Google Ads Tutorial

Top 7 Google Ads Metrics You Must Track for Performance

Table of Contents

  • Understanding Google Ad Metrics

Understanding Google Ad Metrics

Since you are paying for Google Ads, it is highly likely that you are result-driven. Your spending on the advertisement should justify the number of leads and sales generated. 

To ensure that your ads are performing well and you are not spending unnecessarily, keep track of these metrics in Google Ads.

1. Quality Score

It shows the quality of your keywords, ad relevance, landing page, and CTR, on a scale of 1 to 10. If your quality score is not good, then it will be better to first check the keywords, improve the landing page experience, and ad copy. 

Quality score is a critical factor in Google Ads because it affects your budget and ad performance. If the quality score is good, then the ad will rank higher with an optimized bidding cost. 

2. Impressions

Every time your ad campaign is shown to the users, it is counted as an impression. 

So, if the total number of impressions is 4,000, then it means that your ad was shown to people 4,000 times. It doesn’t mean that 4,000 different users saw it. In many cases, the ad is seen by the same user multiple times. 
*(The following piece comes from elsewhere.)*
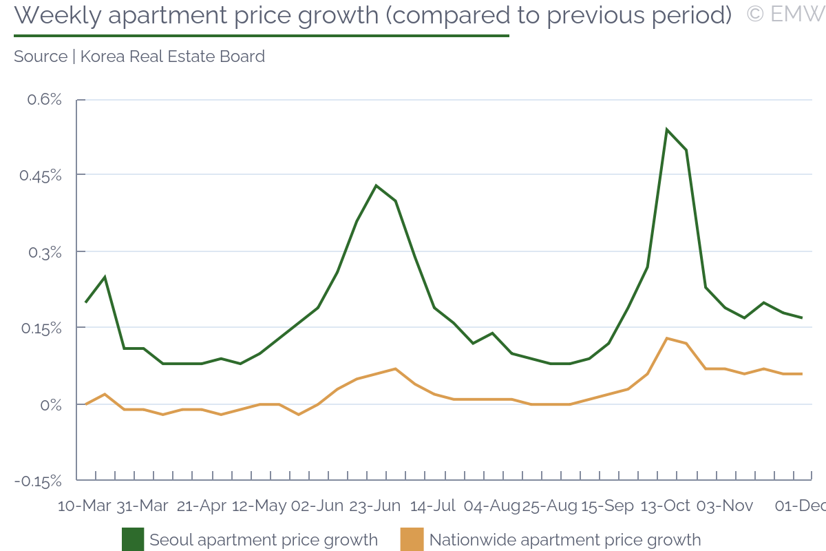 The weekly apartment price growth in Seoul eased marginally to 0.17% w/w in the week ending Dec 1 from 0.18% w/w in the previous week, data from the Korean Real Estate Board showed. At the same time, nationwide prices continued to rose by 0.06% w/w as in the previous week, with prices in five metropolitan cities excluding the capital area rising by 0.02% w/w compared to 0.01% w/w earlier. Jeonse prices also showed no signs of easing and rose at an unchanged pace by 0.14% w/w in Seoul and 0.08% w/w nationwide. The market atmosphere remains in a wait-and-see mode, with transactions and inquiries both falling. However, shortages of properties in preferred complexes are still causing prices to rise. For instance, prices in the 11 districts south of the Han river rose by 0.22% w/w compared to 0.11% w/w for the 14 districts North of the river. The high-flying district, Songpa-gu, saw an increase by 0.33% w/w. Overall, we still think that price growth remains too high for the BOK to cut rates as it happened in the previous 4 BOK meetings. The Seoul apartment price growth remains stubbornly high even though the government introduced a new package of housing stabilization measures in mid-October. | |||||||||||||||||||||||||||||||||||||||||||||||||||||||||||||||||||||||||||||||||||||||||||||||||||||||||||||||||||||||||||||||||||||||||||||||||||||||||||||||||||||||||||

If you are seeing any impressions on your ad, this means that your ad isn’t showing up on Google. Keep track of impressions regularly to learn the ups and downs of the ad. When

your budget is low, the impressions will also be low. The number of impressions also depends on the quality score and bidding strategy.

3. Click-through Rate (CTR)

CTR tells you how many times the ad was seen and how many people clicked it. It is crucial to analyze this metric because if people are seeing the ad but not clicking it, the CTR will be low. 

This will help you understand that something is wrong with the ad, whether it is the ad copy content or some other factor. You can then make changes and improve the CTR. 

4. Cost Per Click (CPC)

The amount you are paying for every click on the ad is called cost per click. It is calculated using the following formula:

CPC= Total amount spent / Number of ad clicks

5. Conversion Rate

How many people clicked the ad and how many of them took your desired action? The conversion rate helps you understand this. This ad metric helps you understand the performance of ad copy, keywords, and landing pages. 

6. Cost Per Conversion (CPC)

The amount spent on ad per conversion is called cost per conversion. The meaning of conversion can be the purchase of a product, submission of the form, or newsletter signup. 

This is an important metric to measure, because it will help you understand whether you are spending the justified amount for every conversion. If the CPC is high, you can then analyze things and put the effort into improving them. 

7. Return on Advertising Spend (ROAS)

ROAS is very much like ROI. It is a key metric that matters the most. How much are you earning from the ads?

It can be calculated easily with this formula:

ROAS= Amount earned from ads / Amount spent on ads

For example, if you are spending INR 500 on ads and sell products worth INR 3000, then your ROAS will be 6.